----- Data shown
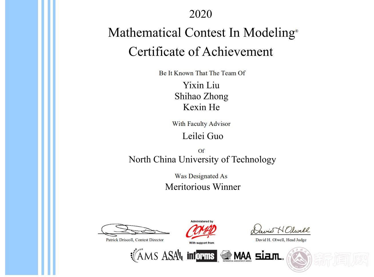 近日,由美国数学及其应用联合会主办的2020年国际大学生数学建模竞赛成绩揭晓。由永利官网郭磊磊老师指导,本科生刘亦心、钟世豪、何可欣组成的团队获一等奖。这是继2009年后时隔11年,永利官网学生再次荣获此项赛事一等奖。
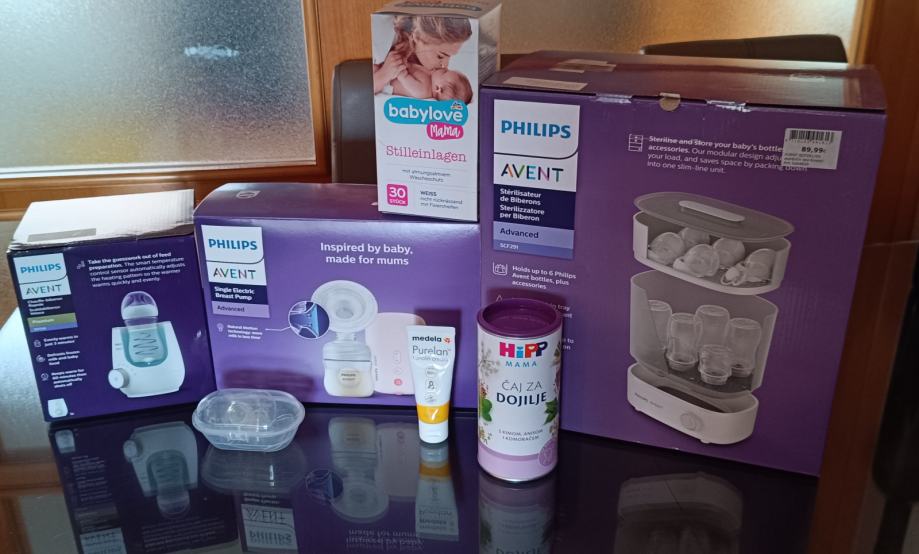Pumpica je korištena svega nekoliko puta, sterilizator i grijač malo duže, ali generalno kao novo.
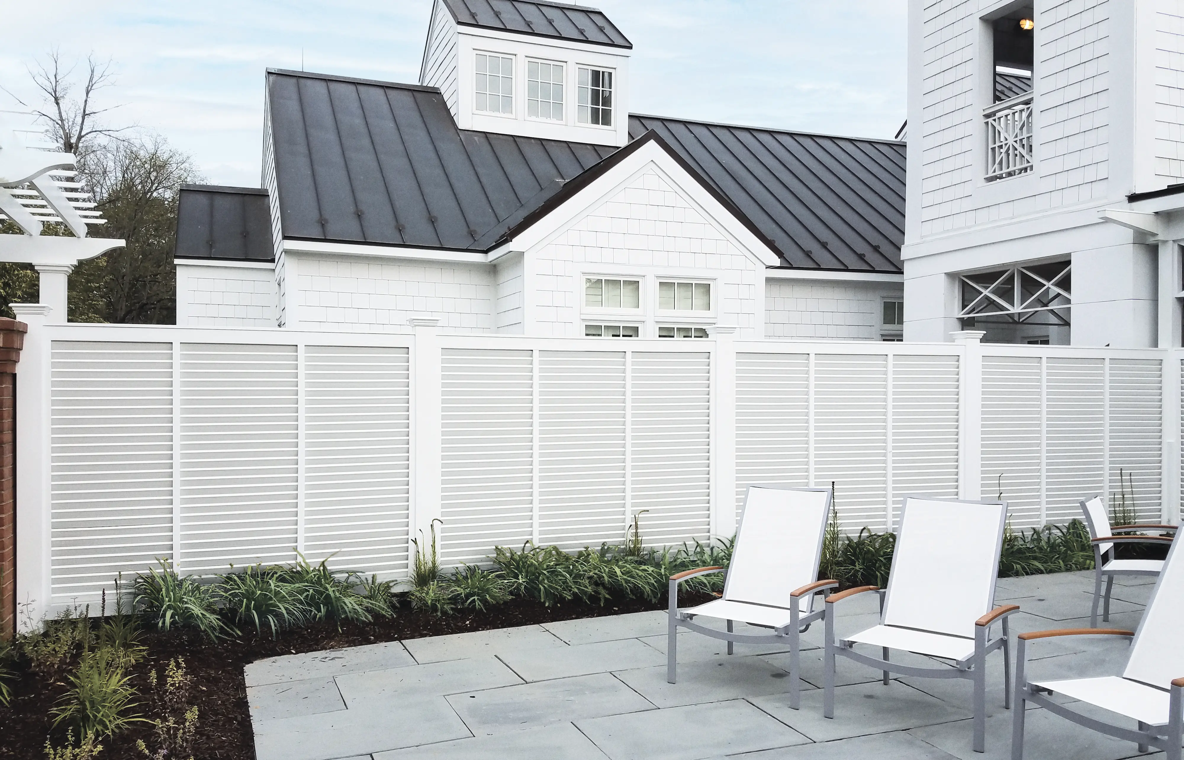 Walpole Outdoors worked closely with The Inn at Perry Cabin to create a custom set of fences and outdoor structures that are befitting of the five-star luxury resort. This custom louvered fence, crafted in solid cellular vinyl, creates an elegant privacy barrier for resort guests.
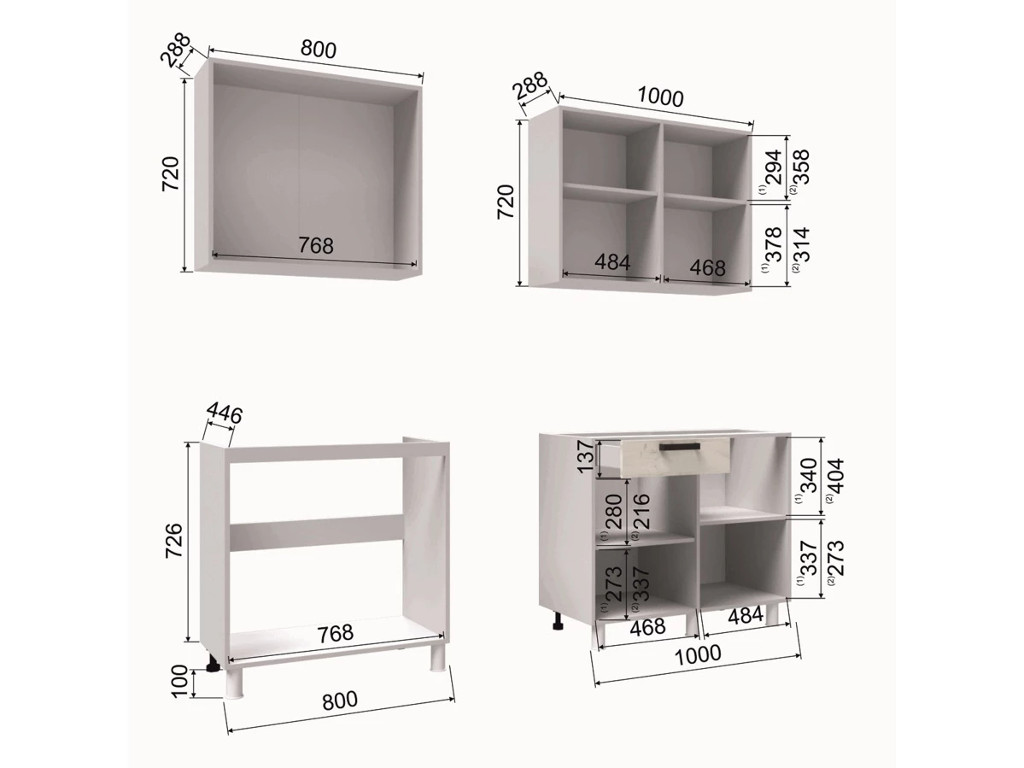 - Высота верхних шкафов, мм 720
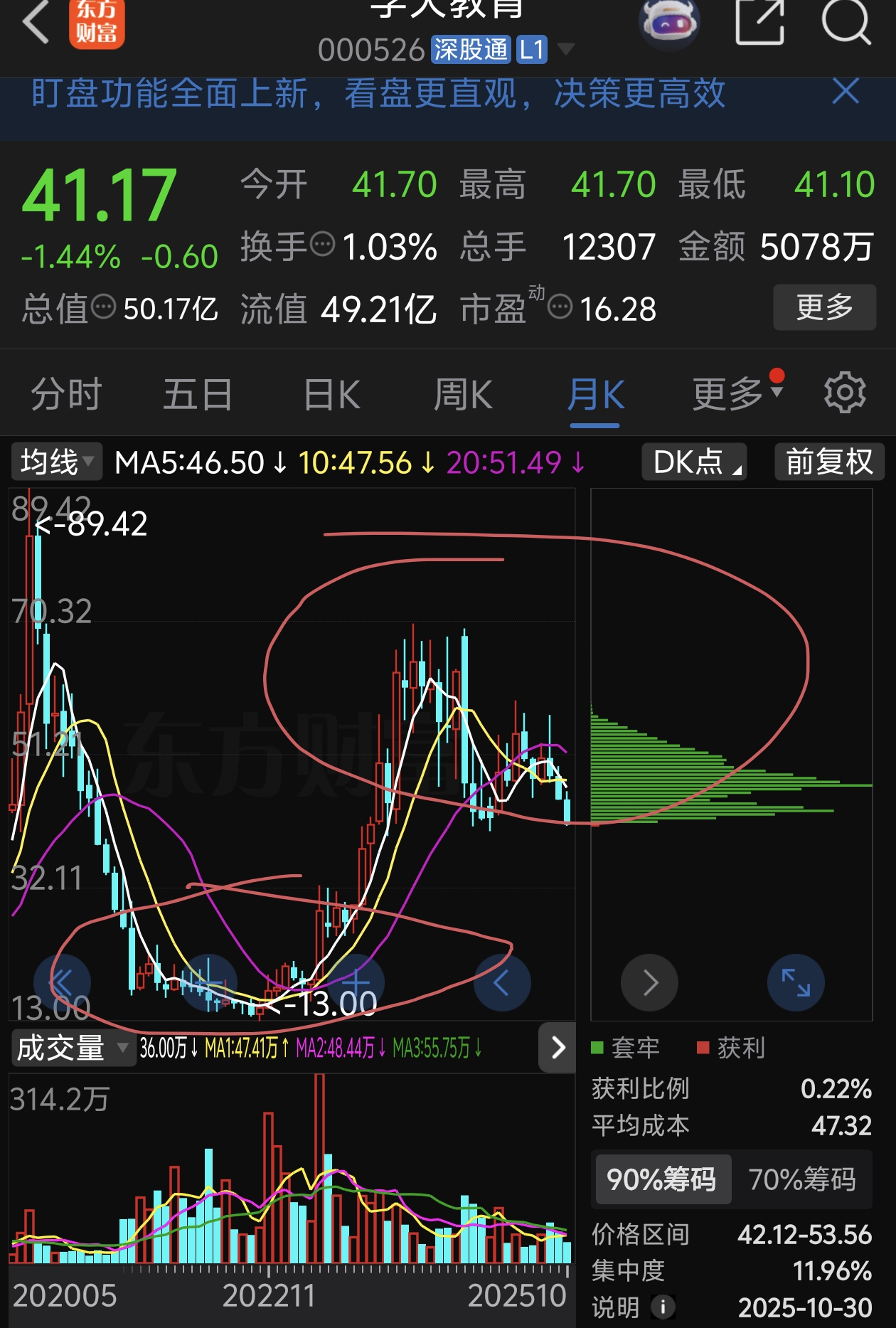 $学大教育(SZ000526)$ 问一个问题,底部上来的筹码到底是散户的呢还是主力的
----------
Assignment:
Print, word for word, every entry shown above; the pictures stay out.

Output of the exercise:
 近日,由美国数学及其应用联合会主办的2020年国际大学生数学建模竞赛成绩揭晓。由永利官网郭磊磊老师指导,本科生刘亦心、钟世豪、何可欣组成的团队获一等奖。这是继2009年后时隔11年,永利官网学生再次荣获此项赛事一等奖。
Pumpica je korištena svega nekoliko puta, sterilizator i grijač malo duže, ali generalno kao novo.
 Walpole Outdoors worked closely with The Inn at Perry Cabin to create a custom set of fences and outdoor structures that are befitting of the five-star luxury resort. This custom louvered fence, crafted in solid cellular vinyl, creates an elegant privacy barrier for resort guests.
 - Высота верхних шкафов, мм 720
 $学大教育(SZ000526)$ 问一个问题,底部上来的筹码到底是散户的呢还是主力的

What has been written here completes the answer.